The pasta spread runs the gamut, from traditional gnocchi to penne alla vodka. Homemade cavatelli is draped in fresh basil pesto sauce and topped with rich buffalo stracciatella, while a decadent lasagna is layered with ricotta, besciamella sauce, meat, and fresh mozzarella. For pasta lovers new to the Kitchen, Malerba recommends the rigatoni bolognese.

Larger staple dishes are also on deck. The costoletta di maiale a bone in pork Milanese (breaded cutlet) topped with cherry peppers and arugula and served with potatoes has a cult following, and other fan favorites include breaded veal stuffed with peanuts, raisins, and mozzarella, and pollo al limone chicken sautéed with white wine and lemon sauce.

Pizza is a big deal here, and Malerba noted the chefs are always flexing their creative culinary muscles and experimenting with new recipes for the pies. The menu includes bubbling classics like margherita with buffalo mozzarella and Sicilian style pan pies, plus playful renditions like the Bee Sting (spicy soppressata with honey), the SpeckTacular (smoked speck prosciutto, arugula, buffalo stracciatella cheese, and cherry tomatoes), and the Holy Cow, topped with bresaola, shaved parm, lemon zest, arugula, and fresh burrata.

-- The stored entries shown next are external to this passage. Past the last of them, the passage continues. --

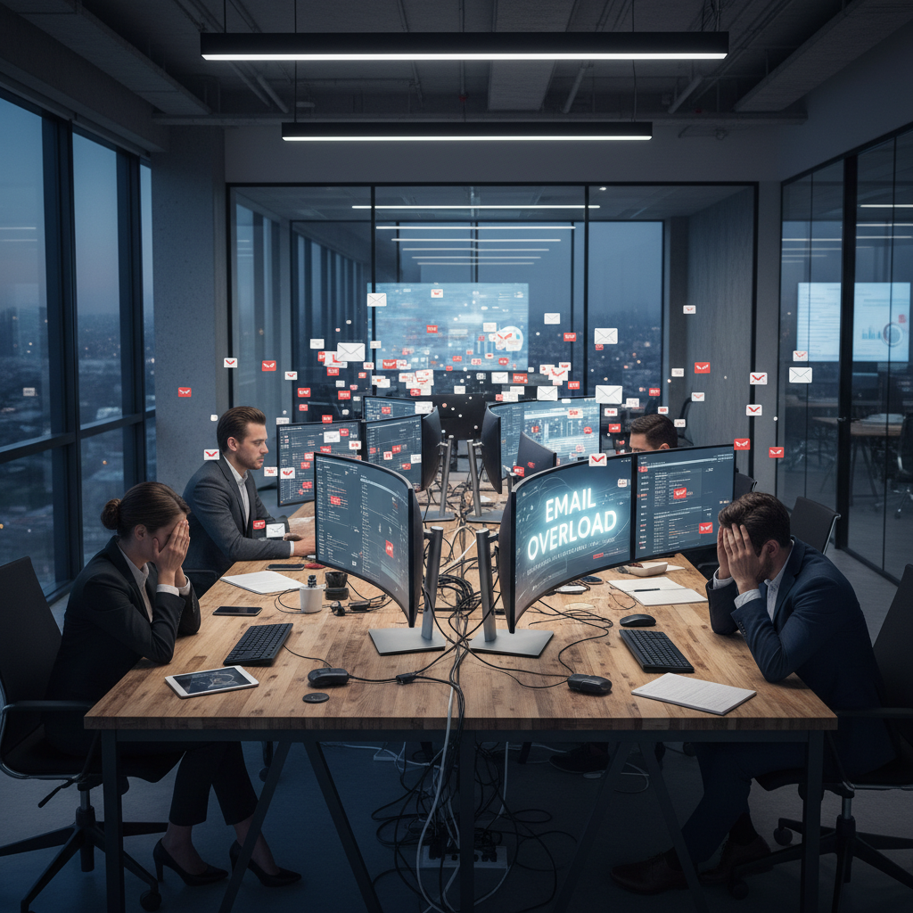 Enterprise team surrounded by overflowing inboxes and email notifications in a modern office, highlighting challenges with email productivity software enterprise app adoption.
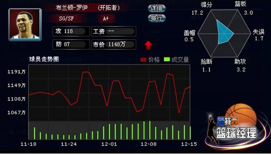 罗伊是本人比较喜欢的一名优秀的得分后卫,ROY冷静的出手,果断的抢断,致命的绝杀,陶醉的助攻,灵活的变相,精彩的扣篮,还不忘他为了队友出手动怒,他一次又一次的打磨你的神经,让你有理由相信他是个男子汉,真正的男子汉,我们有理由相信,他将是那个超越科比的人,罗伊进攻手段的花样,防守的凌厉,让球迷们大饱眼福,他是玫瑰团的团长,他是开拓青年军的核心。但是天妒英才,这个赛季初罗伊被查出了膝盖关节炎,要知道膝盖的伤病将会给一名SG的至职业生涯带来多大的伤害,而且罗伊的关节炎将无法治愈,这是球迷最为揪心的。但是罗伊并没有被伤病所击垮依然带伤出战,本赛季罗伊在开拓者出场22场在场均35.6分中内砍下17.2分3篮板3.2助攻1.1抢断0.5盖帽1.7失误1.8犯规。罗伊膝盖的伤势给他带来了很大的影响,他的数据下滑的很快,但是相信玫瑰花园之王一定康复,一定能为喜欢他的球迷贡献更多的精彩镜头。在范特西篮球经理中罗伊是1—30级玩家所钟爱的球员,如果不是因为罗伊膝盖伤势休战了几场,他的属性是不可能跌至A+的,但是罗伊在游戏中118的进攻属性是许多玩家在他受伤的情况仍然装备罗伊的一个很大的原因。现在罗伊带伤上场在范特西中的身价也是起起落落,但是这正是广大新手玩家一个非常好的机会可以乘机抄底,相信如果罗伊一旦摆脱伤病的困扰他的身价将大幅度的提升。在25级之前罗伊将会是玩家们完全可以信赖的首发得分后卫。
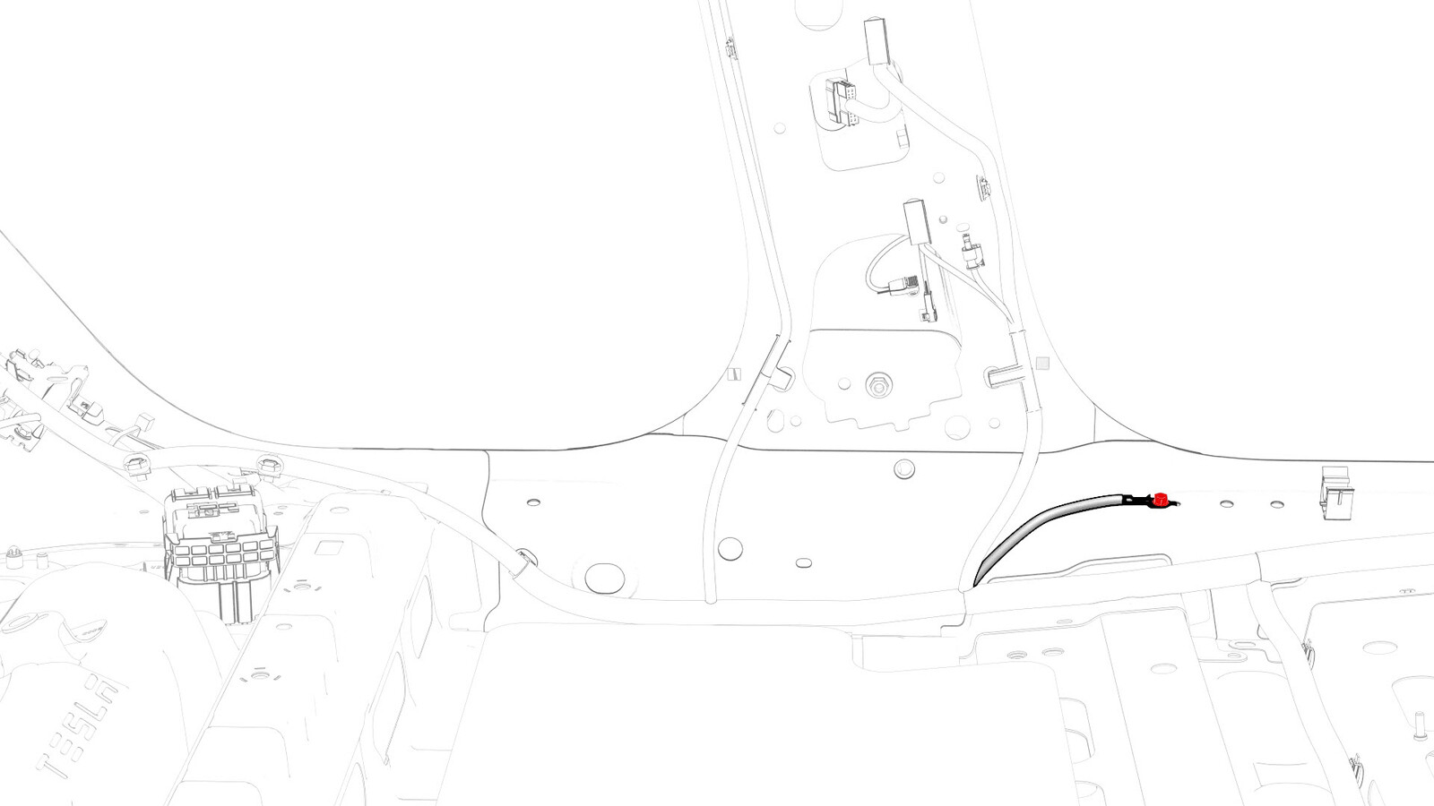 松开将电气线束固定到车身的夹子,然后将电气线束后副车架部分穿过左侧后备箱隔板。
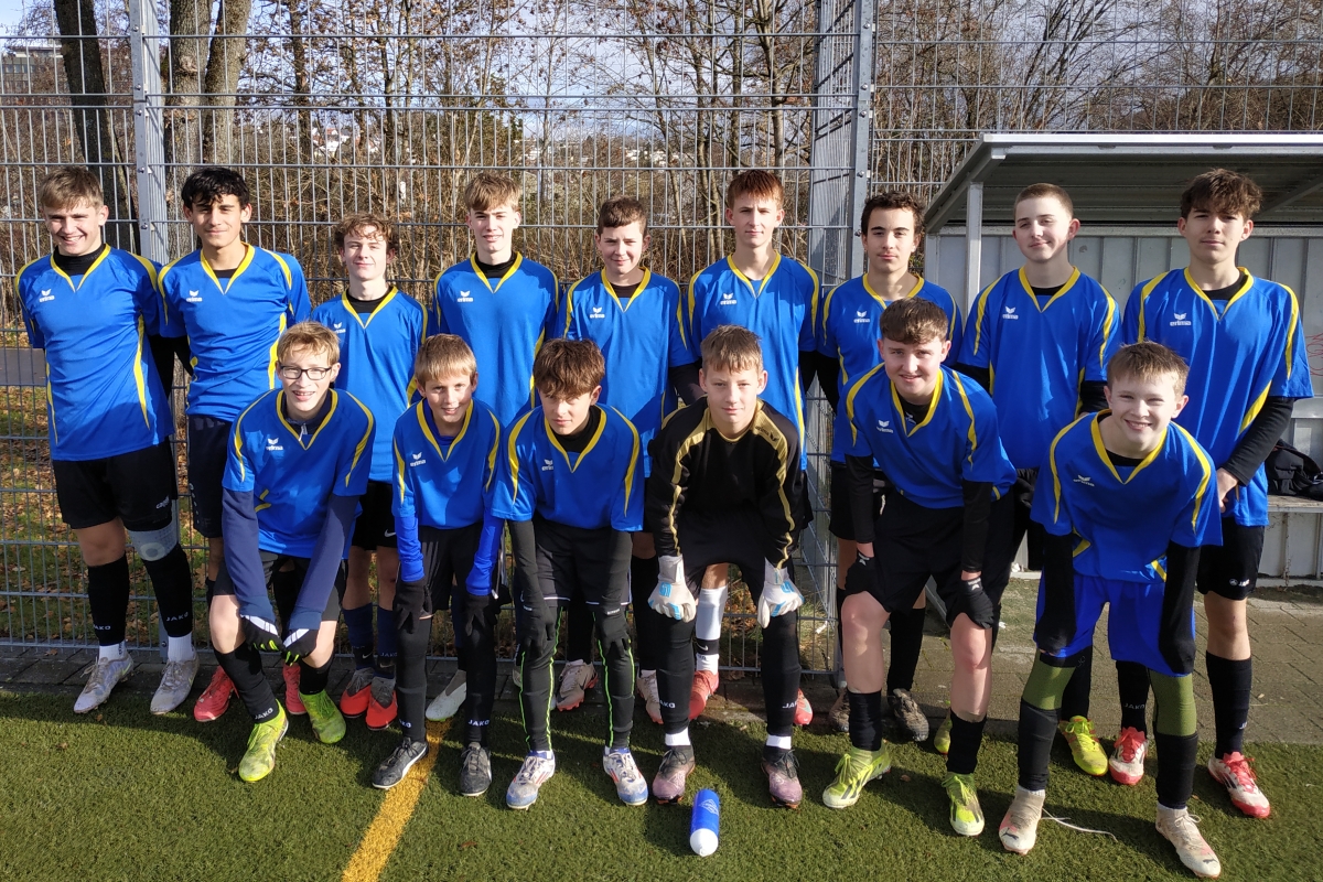 Trotz eisigen Temperaturen und einem dichten Schneegestöber gelang ein überzeugender 2:0 Sieg im ersten Gruppenspiel gegen die Realschule Riedlingen. In der zweiten Partie gegen die leicht favorisierte Realschule Laupheim behielt die Mannschaft auch nach einem Rückstand die Nerven und erkämpfte noch ein beachtliches 1:1. Im Halbfinale ging es nun gegen den Rekordsieger der vergangenen Jahre, das Carl-Lämmle-Gymnasium Laupheim. Gegen die mit vielen hochklassigen Vereinsspielern bestückte Team hielt das PG sehr gut mit, erarbeitete sich Chancen, musste dann aber einen äußerst zweifelhaften Elfmeter gegen sich hinnehmen. Ein weiterer Treffer des späteren Turniersiegers besiegelte dann leider die 2:0 Niederlage.
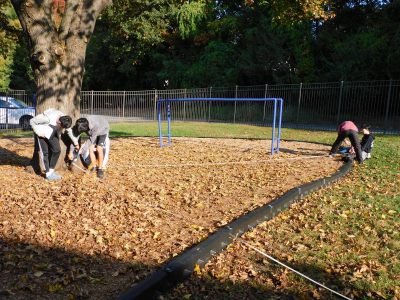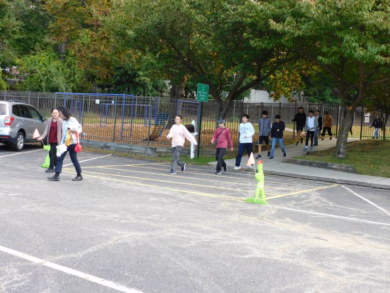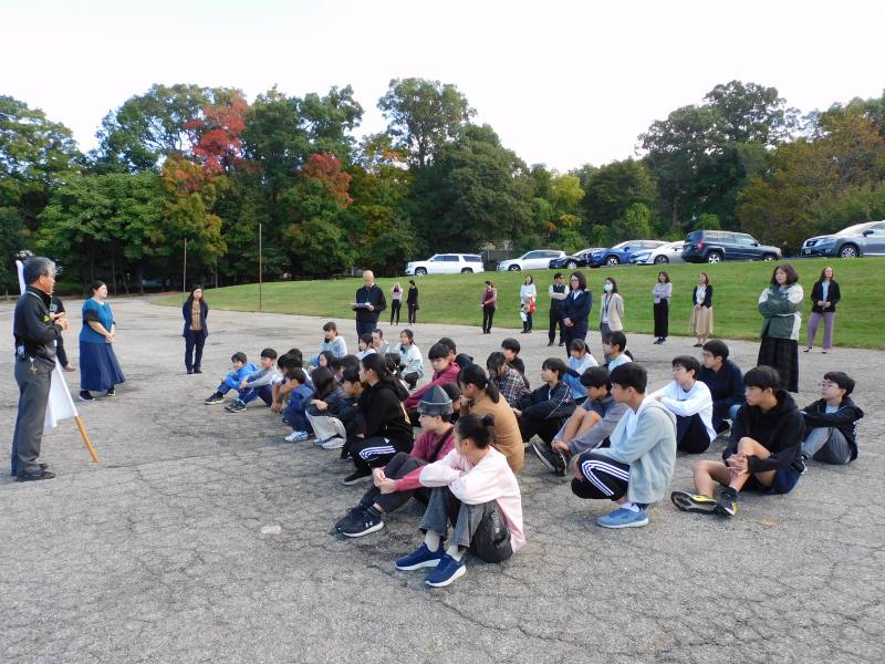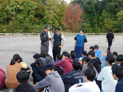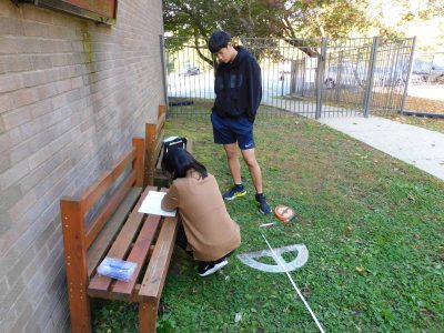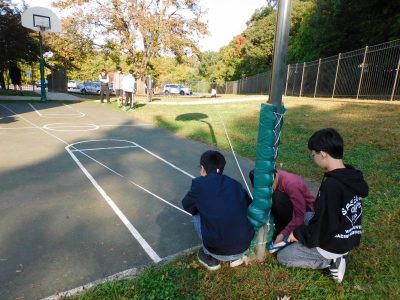 9年生は、数学です。今日は、メイプル広場で実際の大きな三角形を実測し、相似を使ってより大きな図(池)の値を求める学習に取り組んでいました。
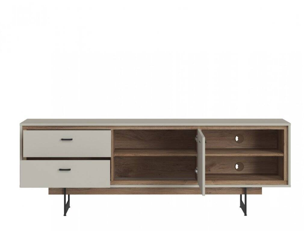 Estetyczny stelaż metalowy nadaje meblowi lekkość i wpisuje się w industrialne oraz nowoczesne klimaty. Dwie szuflady, każda z systemem cichego domyku, umożliwiają dyskretną organizację akcesoriów, natomiast otwarte półki są idealnym miejscem na dekodery, konsole czy odtwarzacze. Komoda została wyposażona w praktyczne otwory na przewody, co ułatwia zachowanie porządku i estetycznego wyglądu całego zestawu RTV.

It was important to the owners to make the dining experience as authentic as possible, from the mostly Italian staff to the music playing in the background.

“We have two partners that are from Sicily, and most of our staff is Italian. They have heavy Italian accents which adds to the experience,” laughed the co-owner.

The restaurant also hosts cooking classes on Tuesdays every two to three weeks, a tradition that was temporarily shelved amid the pandemic but has since picked back up. The team invites patrons to come in, roll up their sleeves, and get an intimate lesson in the artistry of Italian gastronomy. Past classes include learning how to make gnocchi with fresh tomato and mozzarella, arancini (crispy riceballs), and scratch pomodoro sauce a staple for any Italian cuisine enthusiast.

“These cooking classes have become a huge hit with our customers. We make a mess and have so much fun with them.”

In addition to the cooking classes, the Kitchen presents wine tastings and wine dinners every two weeks. Vino is, after all, a cornerstone of Italian culture.

On any given day, seven days a week, Malerba can be found in one of the two locations, overseeing the day today operations, chatting with regulars, and enjoying the flavors of his childhood. Now on the brink of the restaurant’s four year anniversary, the owners are planning their next Angelina’s Kitchen outpost, enamored with the opportunity to bring the concept to another neighborhood on the Island. And when asked the secret to weathering the volatile waters of restaurant ownership over the decades, Malerba responded with one word: consistency.

“Guests appreciate that,” he added. “And always be friendly and happy.”